▸ What to work on
Transcribe every record verbatim; no pictures.

________

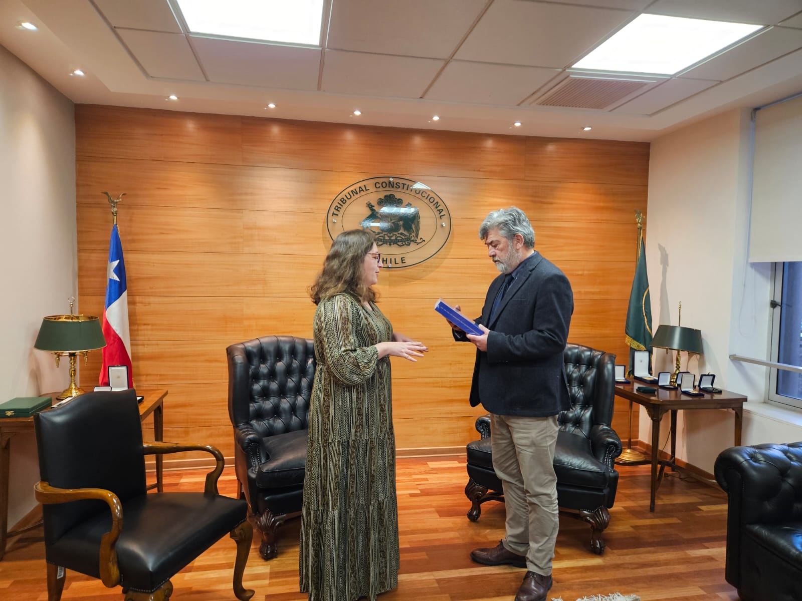 A lo largo del encuentro, Ljubetic y quien encabeza este Tribunal dialogaron sobre diversos aspectos relacionados con el funcionamiento de ambos órganos estatales. Una vez finalizada la visita, la Ministra Marzi le entregó a la principal autoridad del INDH una copia del libro Constituciones políticas de la República de Chile: 1810 – 2024.
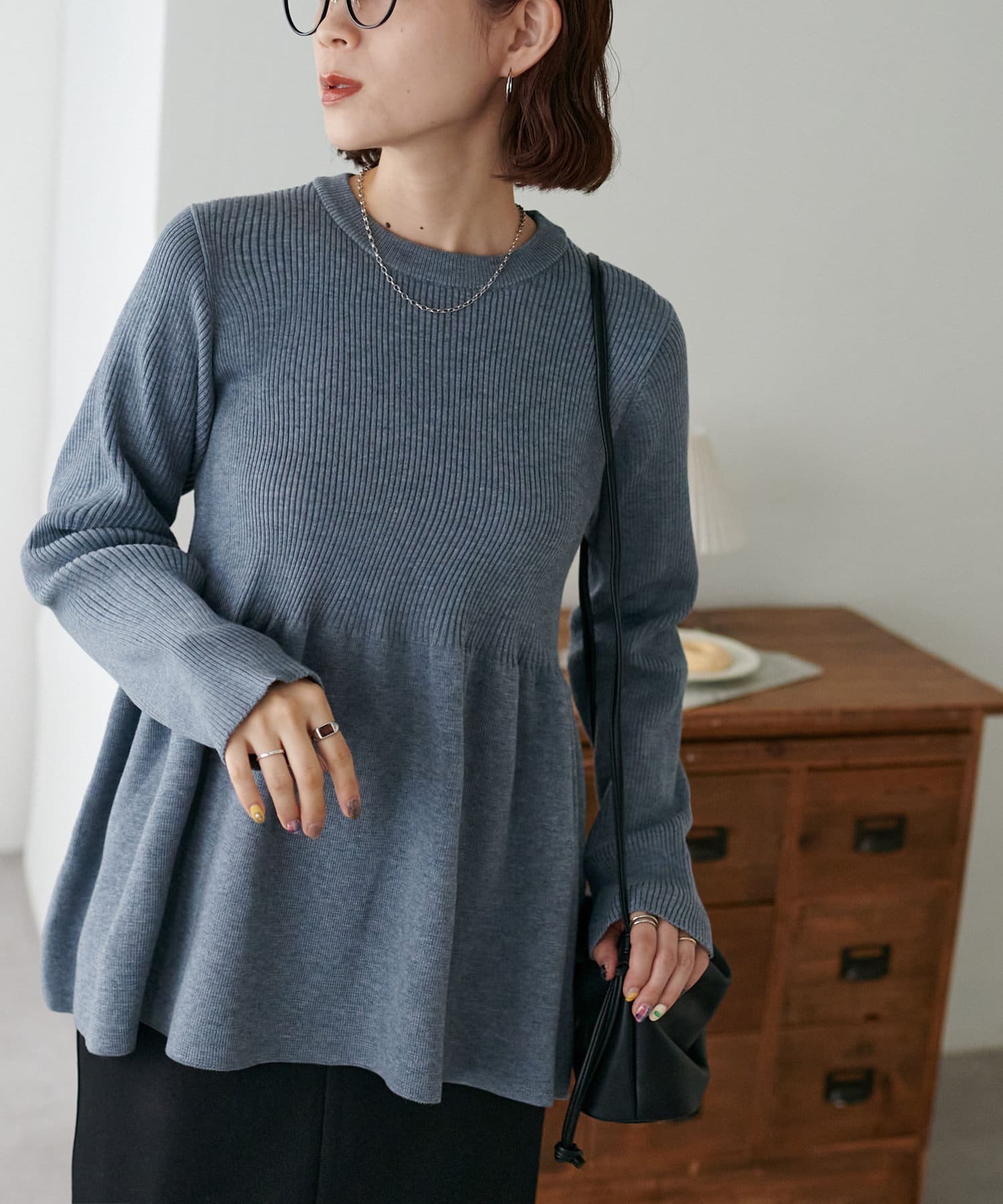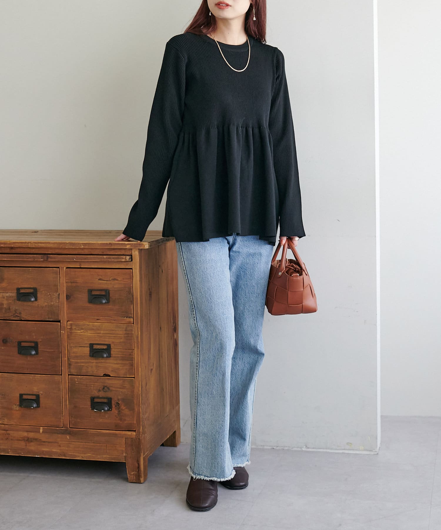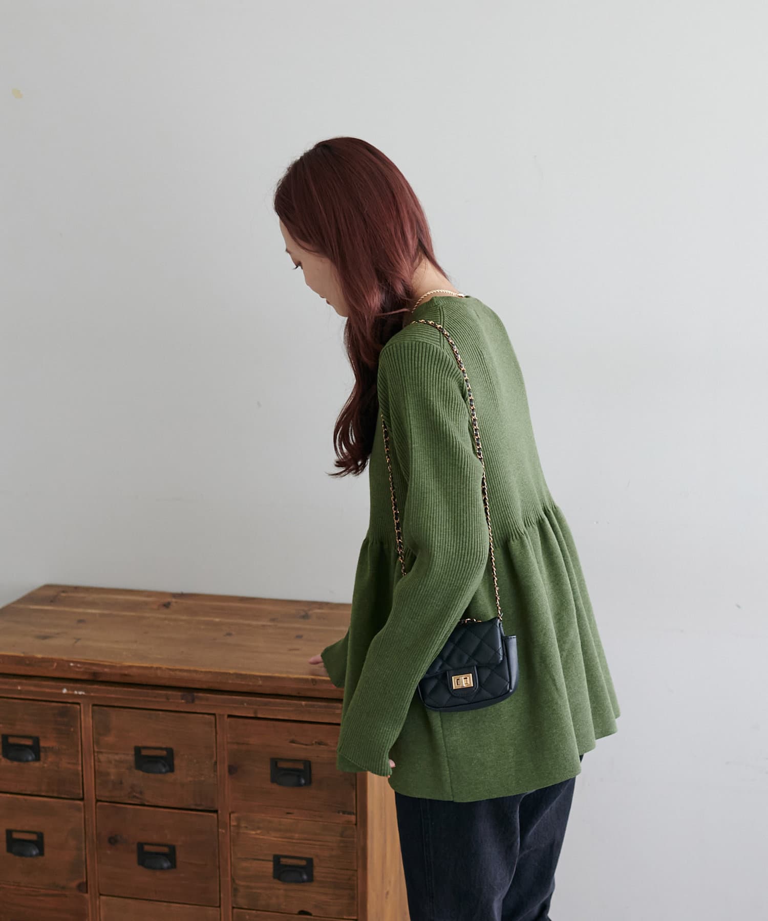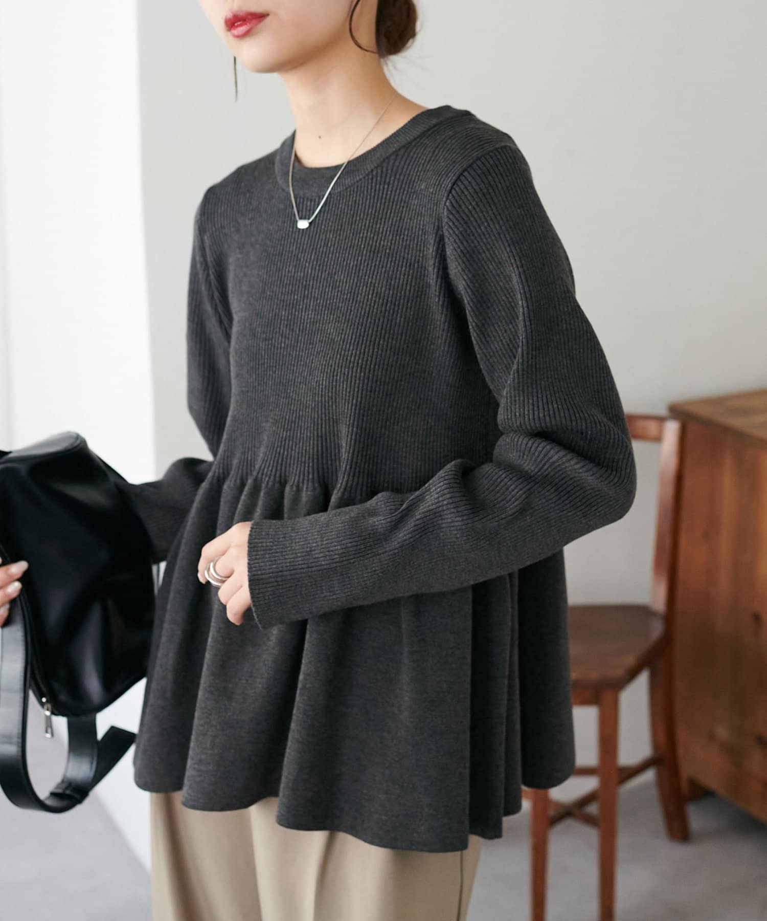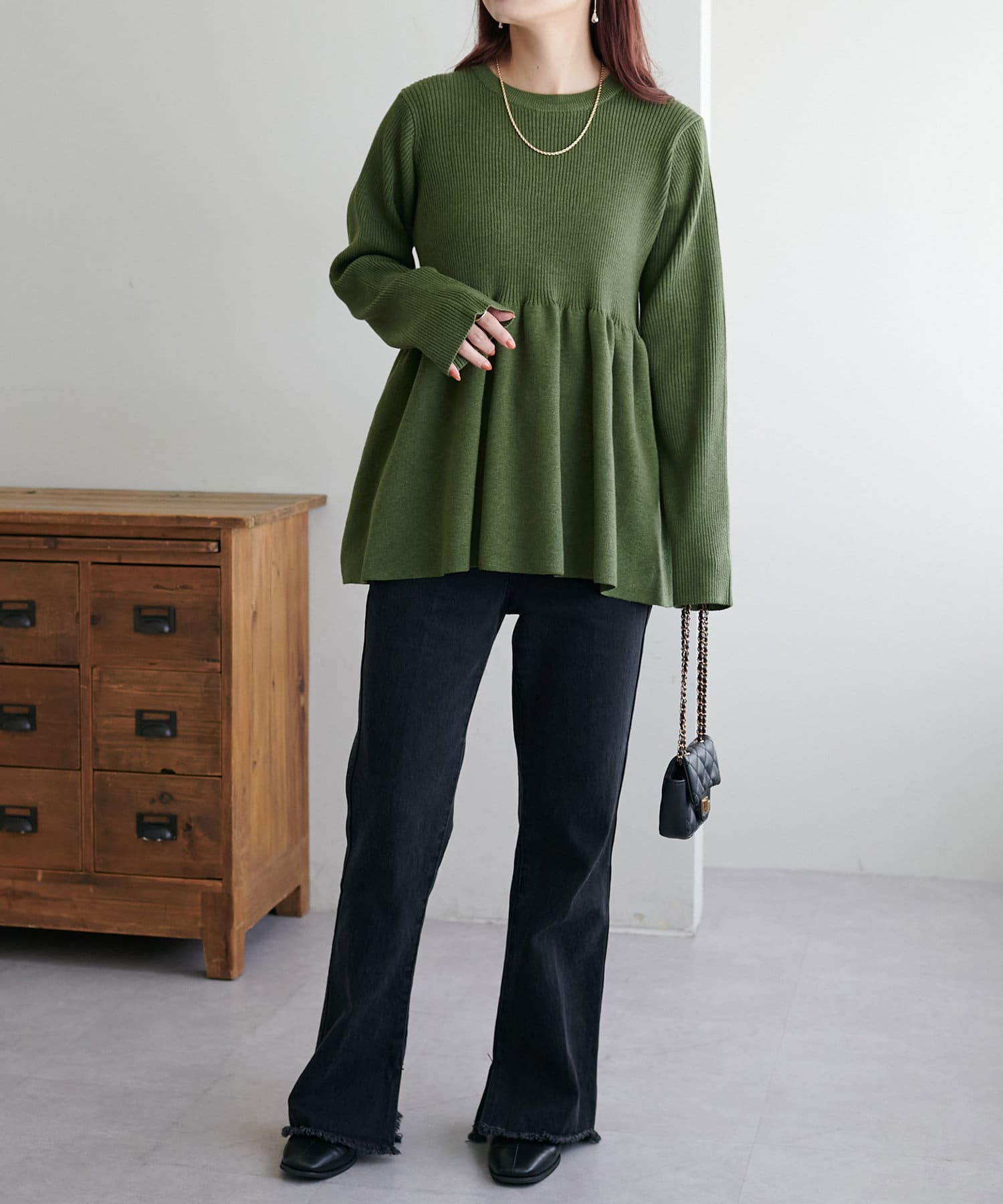 ・ウエストから裾にかけてふわっと広がるペプラムデザインのニット
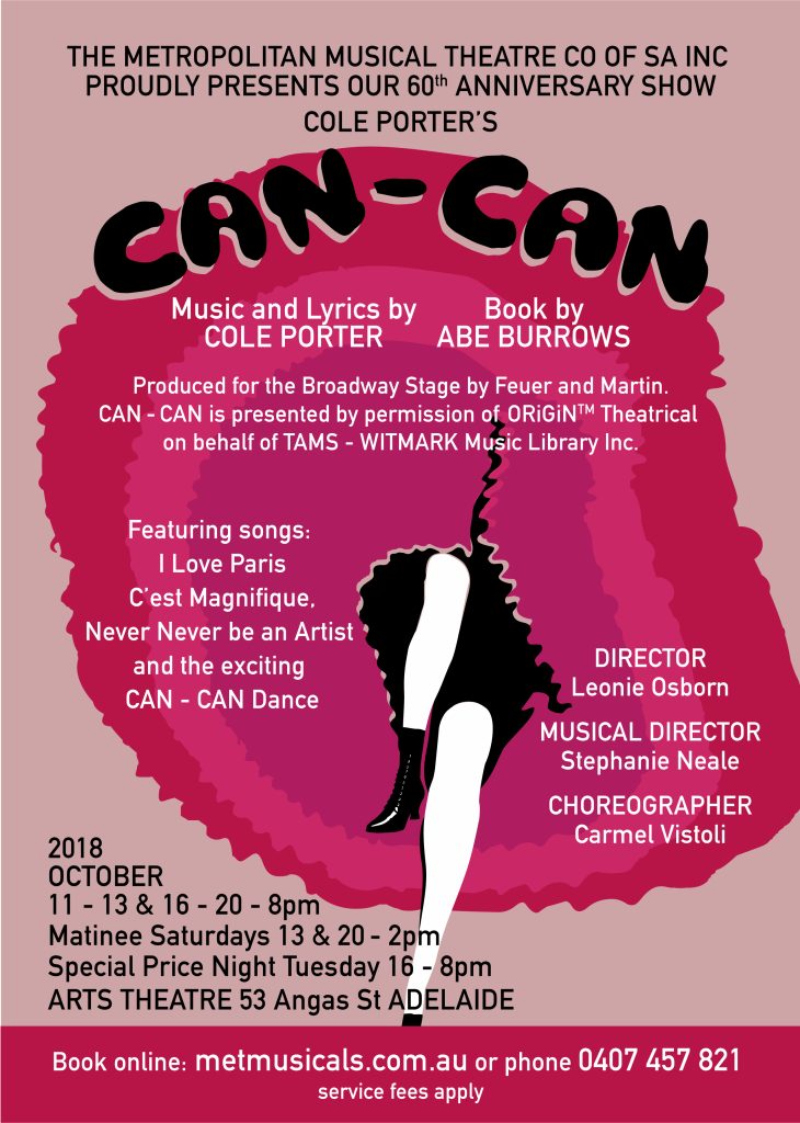 CAN-CAN is a songfest about Paris in 1893 and some of its more Bohemian citizens. Aristide Forestier, a young, newly-appointed and over-zealous magistrate, decides to undertake a reform movement. The first case before him is a charge against some young women that their dance, the cancan, has violated the Paris morals code. Acting with the unique wisdom of the French, the chief judge dismisses the case because all of the witnesses seem suddenly to have had cinders in their eyes when the crime was committed and so cannot testify. Aristide goes to Montmartre to investigate the matter personally.
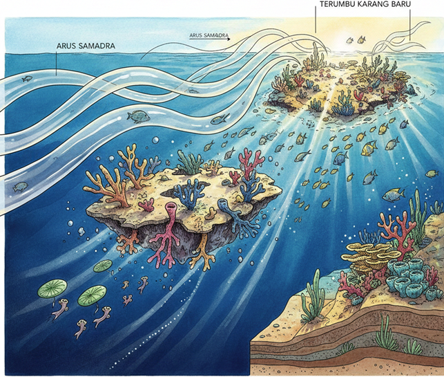 | Latitudo Tinggi | Suhu air lebih dingin dibandingkan tropis; ruang baru untuk kolonisasi. | Cahaya rendah; kalsifikasi lambat; kompetisi dengan makroalga. | |
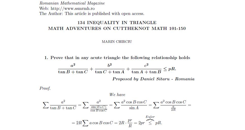 COMMENTED PROBLEM-19 Posted on May 23, 2017November 2, 2018 by ssmrmh MathNote by Marin Chirciu-Romania COMMENTED PROBLEM-19

________

▸ Solution for this problem
 A lo largo del encuentro, Ljubetic y quien encabeza este Tribunal dialogaron sobre diversos aspectos relacionados con el funcionamiento de ambos órganos estatales. Una vez finalizada la visita, la Ministra Marzi le entregó a la principal autoridad del INDH una copia del libro Constituciones políticas de la República de Chile: 1810 – 2024.
 ・ウエストから裾にかけてふわっと広がるペプラムデザインのニット
 CAN-CAN is a songfest about Paris in 1893 and some of its more Bohemian citizens. Aristide Forestier, a young, newly-appointed and over-zealous magistrate, decides to undertake a reform movement. The first case before him is a charge against some young women that their dance, the cancan, has violated the Paris morals code. Acting with the unique wisdom of the French, the chief judge dismisses the case because all of the witnesses seem suddenly to have had cinders in their eyes when the crime was committed and so cannot testify. Aristide goes to Montmartre to investigate the matter personally.
 | Latitudo Tinggi | Suhu air lebih dingin dibandingkan tropis; ruang baru untuk kolonisasi. | Cahaya rendah; kalsifikasi lambat; kompetisi dengan makroalga. | |
 COMMENTED PROBLEM-19 Posted on May 23, 2017November 2, 2018 by ssmrmh MathNote by Marin Chirciu-Romania COMMENTED PROBLEM-19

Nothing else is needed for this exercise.